Table 2. Formulas for validation methods

Validation

Formulation

Reference

Mean Absolute Error (MAE)

$M A E=\sum_{i=1}^{n}\left|\frac{Y-\hat{Y}_{i}}{\hat{Y}_{i}}\right|$

[47]

Mean Square Error (MSE)

$M S E=\sum_{i=1}^{n}\left(\frac{Y-\hat{Y}_{i}}{\hat{Y}_{i}}\right)^{2}$

[48]

Mean Absolute Percentage Error (MAPE)

$M A P E=\frac{100}{n} \sum_{i=1}^{n}\left|\frac{Y-\hat{Y}_{i}}{\hat{Y}_{i}}\right|$

[49]

Sum of Square Error (SSE)

$S S E=\sum_{i=1}^{n}\left(Y_{i}-\hat{Y}_{i}\right)^{2}$

[50]

Sum of Squared Total (SST)

$S S T=\sum_{i=1}^{n}\left(\hat{Y}_{i}-\bar{Y}\right)^{2}$

[50]

R-squared

$R^{2}=\frac{S S R}{S S T}=\frac{S S T-S S E}{S S T}=1-\frac{S S E}{S S T}$

[50]

The metric evaluations are used to measure the accuracy of the regression model in forecasting the dependent variable within the acceptable rage of accuracies. The formula of the metrics is shown in Table 2.

2.4 Selection models

2.4.1 Phase 1-all possible model

$N=\sum_{j=1}^{k} j\left(C_{j}^{k}\right)$

$\# \# 2$ nd Order

where, $N$ is the number of all Possible models, $k$ is total number of independent variables and $j=1,2, \ldots, k$.

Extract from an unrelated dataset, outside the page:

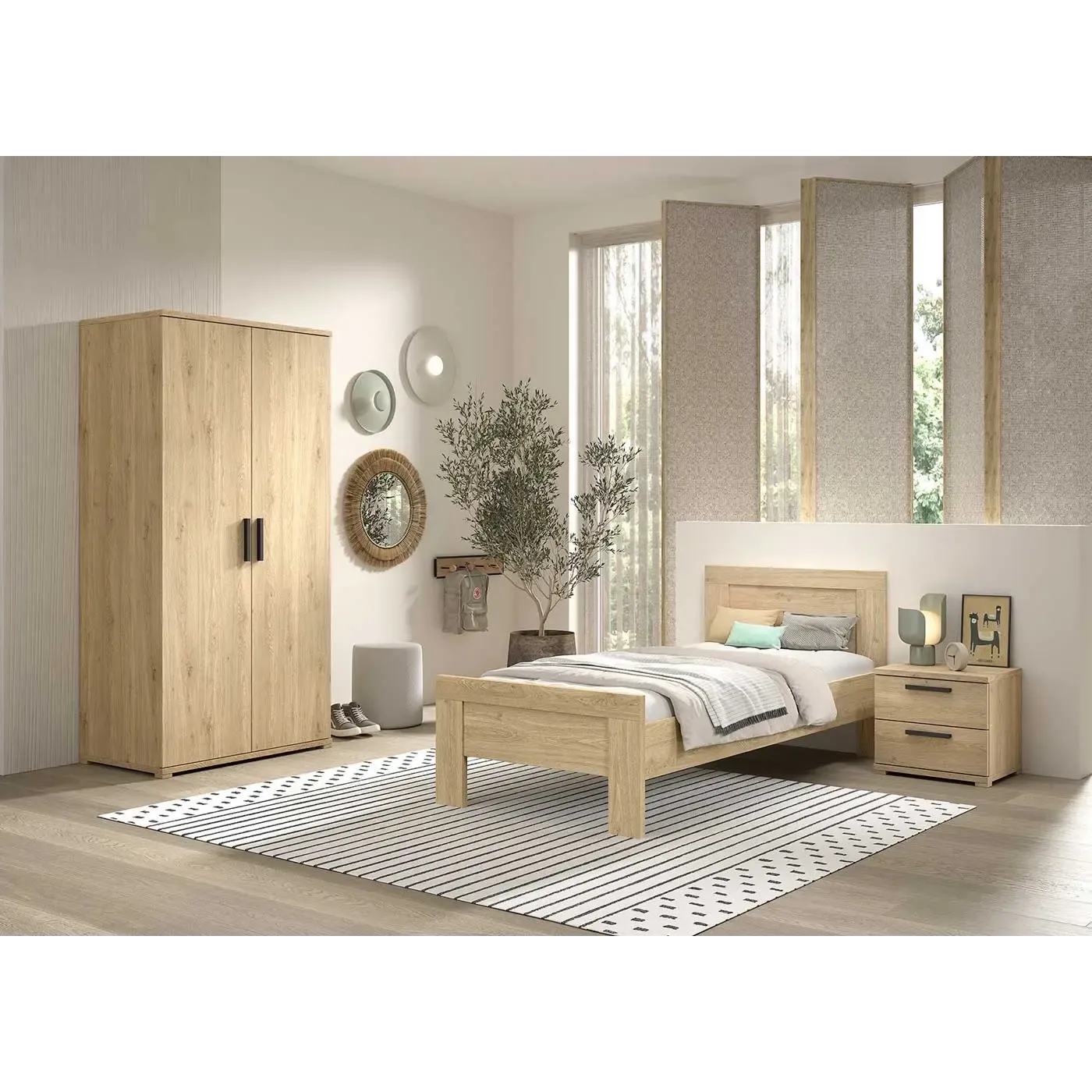 La rete a doghe non è inclusa. Il prodotto è campione in fatto di versatilità e praticità: il comodino ha 2 ampi cassetti con maniglie metalliche color Nero contenitori per riporvi oggetti personali o di qualsiasi altro tipo si voglia; l'armadio a 2 ante offre ampio spazio di archiviazione e include 2 ripiani e un'asta appendiabiti; il letto infine, grazie alla sua particolare struttura, consente di dormire sonni tranquilli ed immersi nel relax.

A dataset containing 1924 observations will use to study the effect of 29 different independent variables on the one dependent variable. Then the data will be interacted with in the second interaction. The data contain the effect of 435 different interaction independent variables on the one dependent variable. For more detail, the second order inteactions as depicted in Appendix A.

2.4.2 Phase 2-selected models

In this paper, we will analyze regression model amongst Lasso, Ridge, and Elastic Net. From these regression model, we will take variable importance. We will take subset of top highest 30 influential variables from each technique and will apply three robust regression algorithms (Bi-Square Tukey, Hampel, and Huber).

2.4.3 Phase 3-the best model

Regularization such as Lasso, Ridge, and Elastic Net, serve as variable important to take top highest 30 influential variables. After the subset of the influential variable will be followed by robust regression Bi-Square, Hampel, and Hubber to determine a regression model.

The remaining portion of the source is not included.